GRIEK: Yeah, absolutely. I'm in Colorado and luckily, within I'd say the last two years, we've had a couple of companies come in that can help deal with glass. Momentum and Clear Intentions. But when it comes to some of the other materials we're not so lucky and a lot of that material is shipped to the Southeast, it's shipped to the Midwest, it's shipped over to China. So in Colorado they've been starting to look at how do we create local markets, and haven't gotten terribly far on that.
Low tip fees probably make that challenging, as they do in other parts of the country.
GRIEK: We also have an issue with transportation. For some reason, transportation in and out of Colorado is higher than it is to many other states. There's a lot of issues in terms of the whole recycling industry — there's the design side of things, there's the transportation, there's the processing, there's the end markets. If we don't have end markets we might as well fold up and go home because otherwise what are you going to do? You're just going to build a big pile of something that you've been spent time and money sorting and moving around and it's not going to go anywhere.

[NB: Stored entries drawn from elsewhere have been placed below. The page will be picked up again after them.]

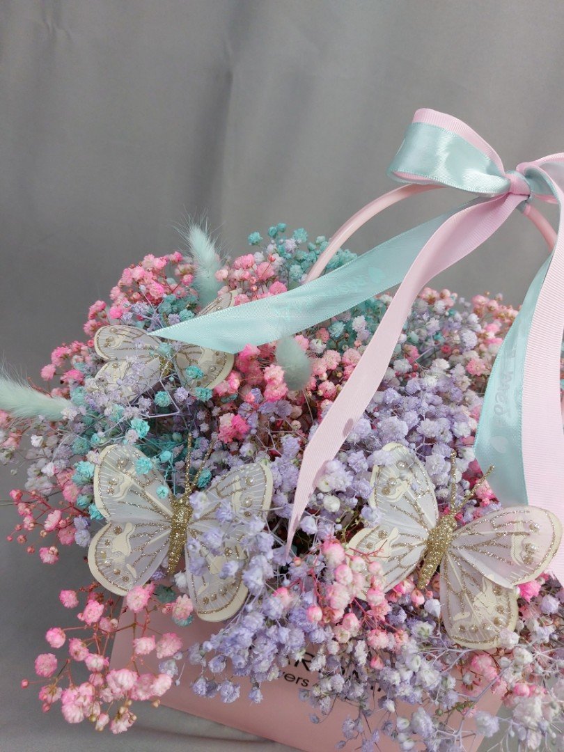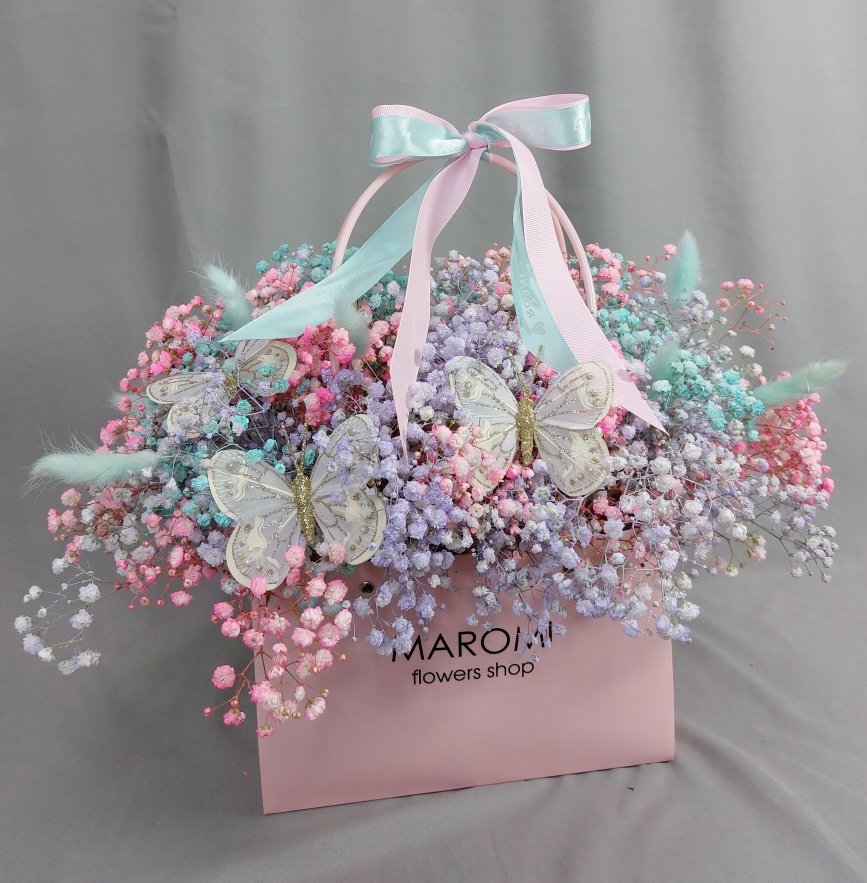 Описание Воздушная и изящная гипсофила, в радужных цветах, в стильной сумочке, стойкая композиция.
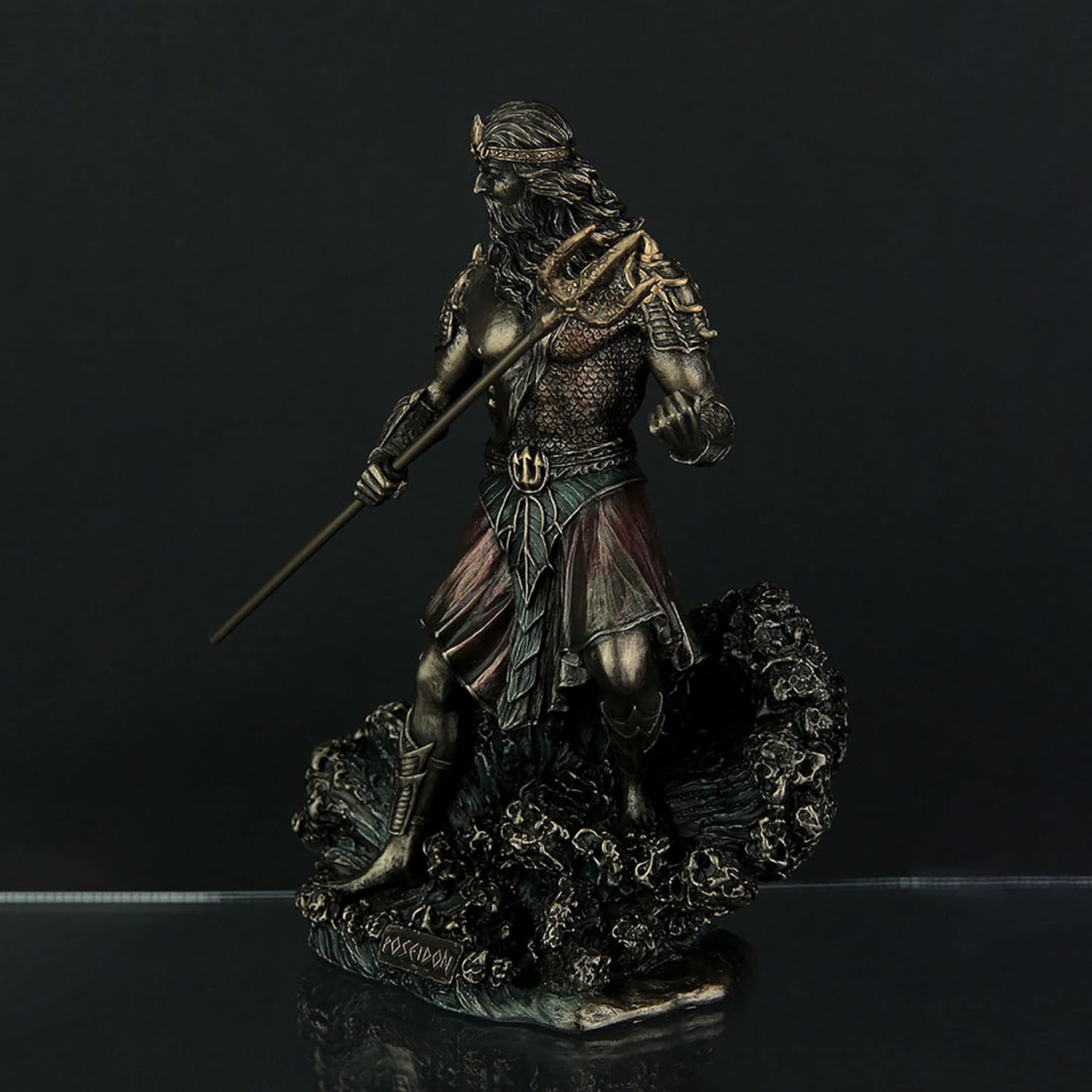 In ancient Greek religion and myth, Poseidon was one of the Twelve Olympians. He was god of the Sea, of earthquakes, and of horses. This cold cast resin statue of Poseidon shows the God of the sea fiercely protecting his watery dominion. The statue has a metallic bronze finish, with hand painted accents to show off the detail.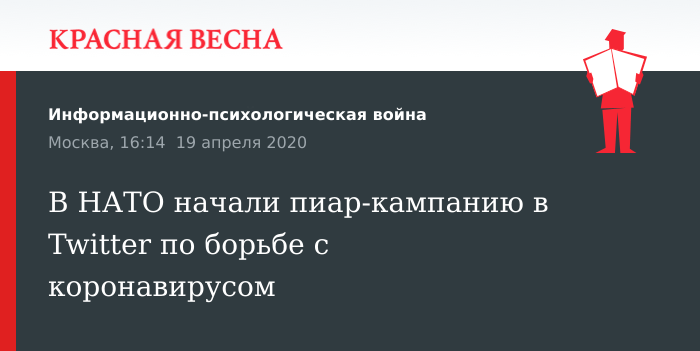 Официальные аккаунты НАТО начали распространять сообщения с хэштегом #StrongerTogether, в которых говорится о роли НАТО в борьбе с коронавирусом. Десятки подобных сообщений были опубликованы начиная с 16 апреля в Twitter.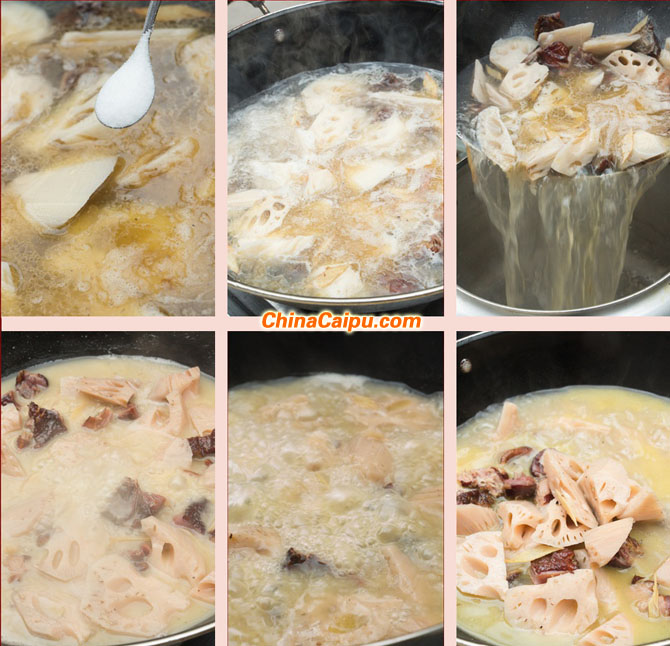 2、锅烧热去油,倒入姜片小火煸香,倒入腊鸡煸炒,炒出浸泡入的水分,炒出腊鸡的香味后加入适量的水淹过腊鸡,加入胡椒碎、倒入莲藕;

Do you see NRC playing a role in helping to drive that conversation about how to create more domestic end markets?
GRIEK: If the demand is there then people are going to invest. So I think that's part of what NRC can start to work on in terms of how do you build that demand. Who do you go to? How do we work with these trade organizations to say how do you get your members to demand more recycled product? How do we get that product to your members in a way that's more consistent and reliable? So I think that there's work that can be done and collaboration and discussion. NRC can convene events like this where we bring those people together and try and get movement and see what we can do in terms of buy-in.
How can professionals or companies on the collection and sorting side get involved?
GRIEK: Well you can start by becoming members of your state recycling organization, that's always a good one. And then if you don't have one you can directly join NRC. Because that way we can get information to you and then you can get information back to us. Participate in webinars that NRC is sponsoring along with the Pennsylvania Markets Recycling Group. We do newsletters. We'd love to hear about what folks out there are doing. If people have ideas bring 'em on. I think that there's people out there who may not have the solution, but have some really new ways of looking at things. Some of us have been in the industry for so long you kind of forget that you're inside a box.
Those are good things, and people should also be talking to your legislators, talking to your elected officials. Because most people think of it as waste, as trash. Somebody else is going to deal with it. It's going to go away. It's not. We all generate it. It's in our backyards whether we know it or not and if we want to be smart about this we want to deal with it in the best way possible. And we're not really doing that right now.